Adopted late in 2007, the state's new Public Employees Health Benefit Act was designed to address health insurance costs by requiring school districts to gather competitive bids before awarding new contracts. The same act required insurance companies and third-party administrators to provide aggregate claims data to the districts they serve, so the data could be used by other companies in preparing bids.

Sounds like a straightforward process, but the number of contracts yet to be settled in Michigan says otherwise. Interviews with members of the education community, as well as media reports, indicate that the new law has brought information, competitive pressure and some new players to the table. But some say that the first round of mandated bidding was based on short-term claims information, which may have skewed final cost estimates.

And since the law does not say that a school district has to accept the lowest bid and does not take the issue of health benefits off the bargaining table, school districts and their unionized employees continue to argue over which benefit plan a district can afford, which company should provide it, and whether current bids are true predictors of coming years' costs.
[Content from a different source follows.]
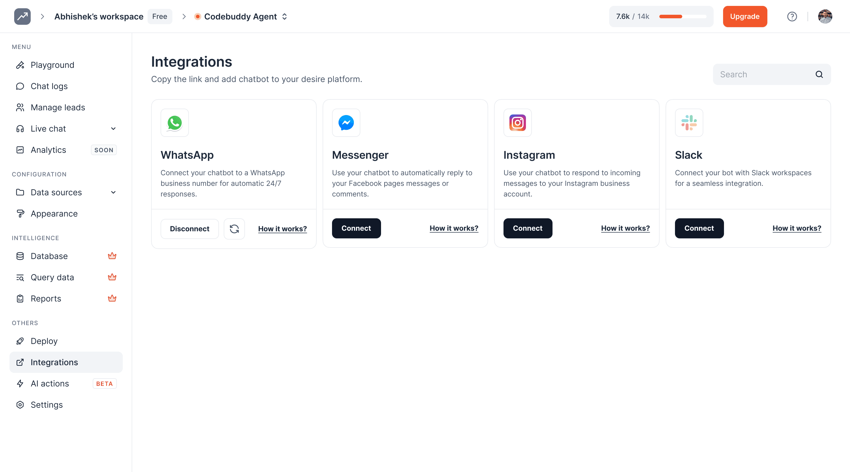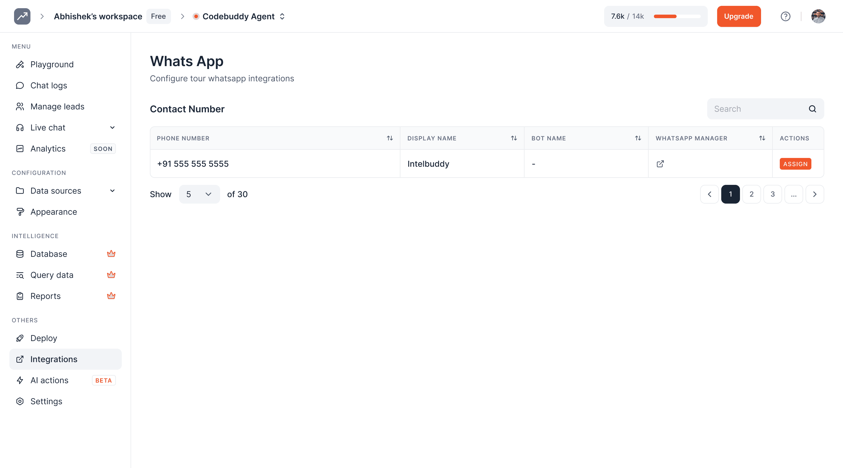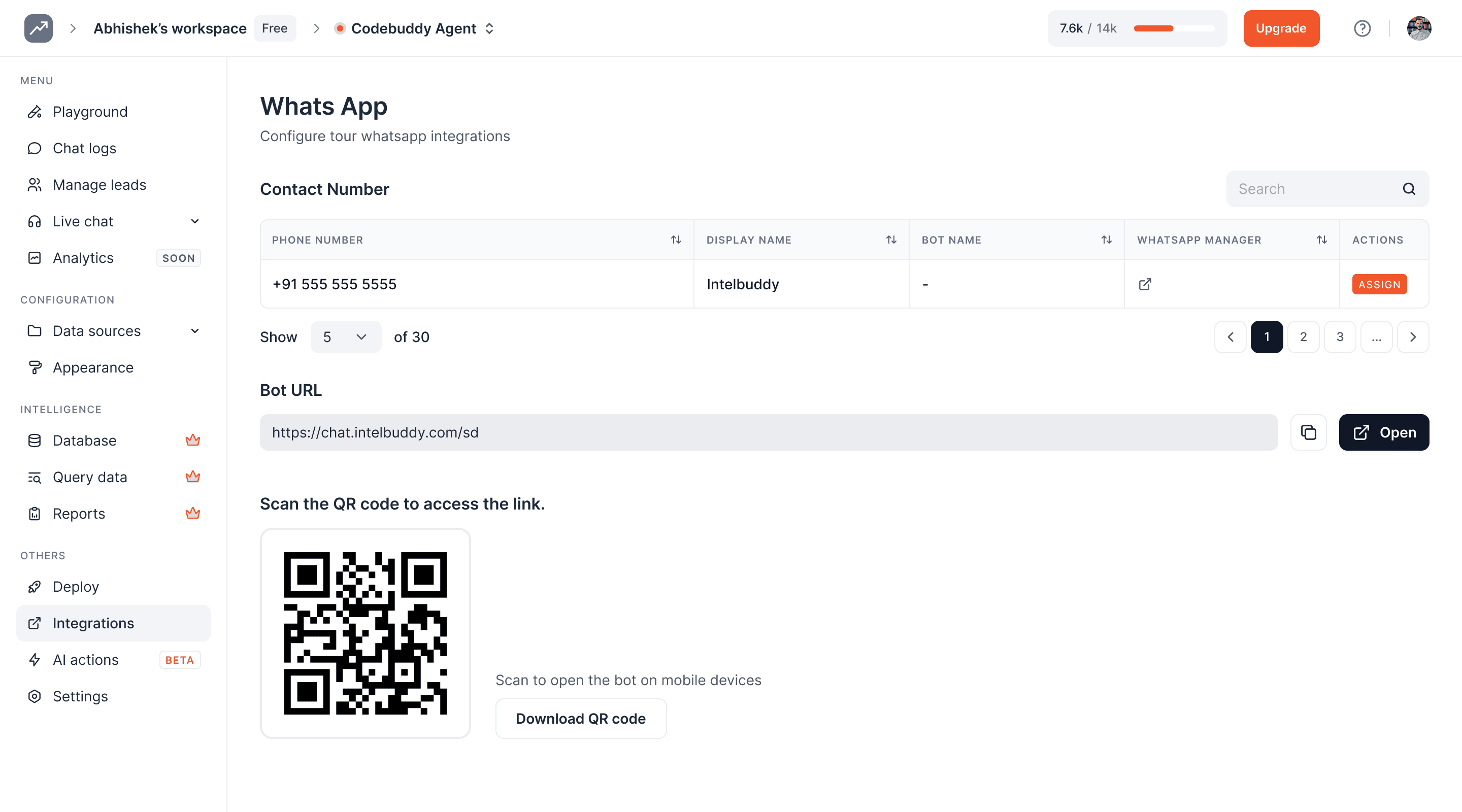 On this page, you can see the details of the WhatsApp integration, including phone number and chatbot display name

"The vast majority of districts who don't have a contract yet are fighting over insurance costs," said Superintendent Charles Barker of Belding Area Schools, where the district and its teachers spent a year negotiating primarily over prescription drug benefits. The parties eventually agreed to a contract that combines pay raises with higher drug co-pays. It also puts aside limited funding to reimburse teachers whose prescription co-pays exceed a set amount.
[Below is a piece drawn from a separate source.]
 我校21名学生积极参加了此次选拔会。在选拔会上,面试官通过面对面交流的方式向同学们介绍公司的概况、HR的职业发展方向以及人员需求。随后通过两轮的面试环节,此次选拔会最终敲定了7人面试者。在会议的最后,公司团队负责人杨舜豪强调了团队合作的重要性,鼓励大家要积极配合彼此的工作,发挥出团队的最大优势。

"The bad news, from my perspective, is how difficult it's been to get claims data," said Tom White, executive director of the Michigan School Business Officials, a nonprofit corporation.
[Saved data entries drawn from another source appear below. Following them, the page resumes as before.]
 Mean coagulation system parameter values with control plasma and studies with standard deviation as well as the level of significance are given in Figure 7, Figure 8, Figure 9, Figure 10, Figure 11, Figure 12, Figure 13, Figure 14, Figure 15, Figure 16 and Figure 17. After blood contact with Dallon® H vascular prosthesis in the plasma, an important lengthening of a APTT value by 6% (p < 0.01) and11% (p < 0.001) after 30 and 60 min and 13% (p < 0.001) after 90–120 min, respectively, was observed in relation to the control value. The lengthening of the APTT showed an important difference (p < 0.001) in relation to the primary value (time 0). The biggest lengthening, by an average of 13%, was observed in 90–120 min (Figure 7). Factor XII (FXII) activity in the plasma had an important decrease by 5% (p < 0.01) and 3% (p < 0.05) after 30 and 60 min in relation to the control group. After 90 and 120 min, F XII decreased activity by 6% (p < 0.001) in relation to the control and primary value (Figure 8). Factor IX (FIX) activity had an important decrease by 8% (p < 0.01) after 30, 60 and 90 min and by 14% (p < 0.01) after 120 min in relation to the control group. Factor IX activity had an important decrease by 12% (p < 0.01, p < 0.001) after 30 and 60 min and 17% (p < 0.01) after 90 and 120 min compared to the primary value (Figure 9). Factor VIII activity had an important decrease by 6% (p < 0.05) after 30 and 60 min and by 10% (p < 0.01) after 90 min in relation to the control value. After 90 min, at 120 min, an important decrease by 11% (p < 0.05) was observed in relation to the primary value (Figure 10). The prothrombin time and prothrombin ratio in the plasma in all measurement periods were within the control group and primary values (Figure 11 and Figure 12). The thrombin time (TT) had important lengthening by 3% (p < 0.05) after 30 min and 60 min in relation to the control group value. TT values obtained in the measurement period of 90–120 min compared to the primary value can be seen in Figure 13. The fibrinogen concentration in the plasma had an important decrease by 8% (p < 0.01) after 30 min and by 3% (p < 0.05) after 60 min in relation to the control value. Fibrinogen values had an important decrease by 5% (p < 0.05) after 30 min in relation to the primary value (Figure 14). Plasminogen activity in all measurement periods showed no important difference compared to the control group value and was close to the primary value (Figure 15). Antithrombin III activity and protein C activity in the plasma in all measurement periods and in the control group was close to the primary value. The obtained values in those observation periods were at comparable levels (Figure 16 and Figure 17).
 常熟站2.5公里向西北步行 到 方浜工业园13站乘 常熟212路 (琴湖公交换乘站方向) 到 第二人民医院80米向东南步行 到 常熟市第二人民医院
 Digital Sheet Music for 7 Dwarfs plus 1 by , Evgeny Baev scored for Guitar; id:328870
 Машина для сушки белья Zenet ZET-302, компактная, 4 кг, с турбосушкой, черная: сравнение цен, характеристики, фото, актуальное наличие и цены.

Insurance companies gauge future costs in part by examining several years' worth of a district's claims history.

"They'll hedge their bets if they don't have enough data," White continued, typically by submitting a bid that's artificially high.

Until required to do so by the new law, the Michigan Educational Special Services Association, a third-party administrator that sells Blue Cross Blue Shield insurance products to a majority of Michigan school districts, had refused to release aggregate claims data to its customers.

MESSA is an affiliate of the Michigan Education Association, and both organizations lobbied hard against the act, citing privacy issues and saying it would allow insurers to "cherry pick" healthy districts.

After the law took effect, the association said that it couldn't immediately provide health data because it didn't maintain that information on a district-by-district basis. It said it would begin compiling figures as of December 2007. When MESSA customers like Belding and Reed City Area Public Schools requested their aggregate health histories, they received only a few months' worth of information.

"Bottom line was, we didn't get anything," Barker said. Already in negotiations when the law was passed, Belding received several months' worth of claims data in March 2008, which Barker said was not enough for competitive bidding.

"Other people can't bid if they don't know what your claims are," he said. "You need data over a longer time period."

"We haven't seen even one case where we've been able to get the experience data," said Nancy Jenkins, vice president of sales and product development at HealthPlus of Michigan. That information is particularly important if districts want to consider a self-funded plan, she said.

Superintendent Steve Westhoff said Reed City also received three months' worth of data, put out requests for bids and received proposals from Blue Cross Blue Shield, Grand Rapids-based Priority Health and MESSA.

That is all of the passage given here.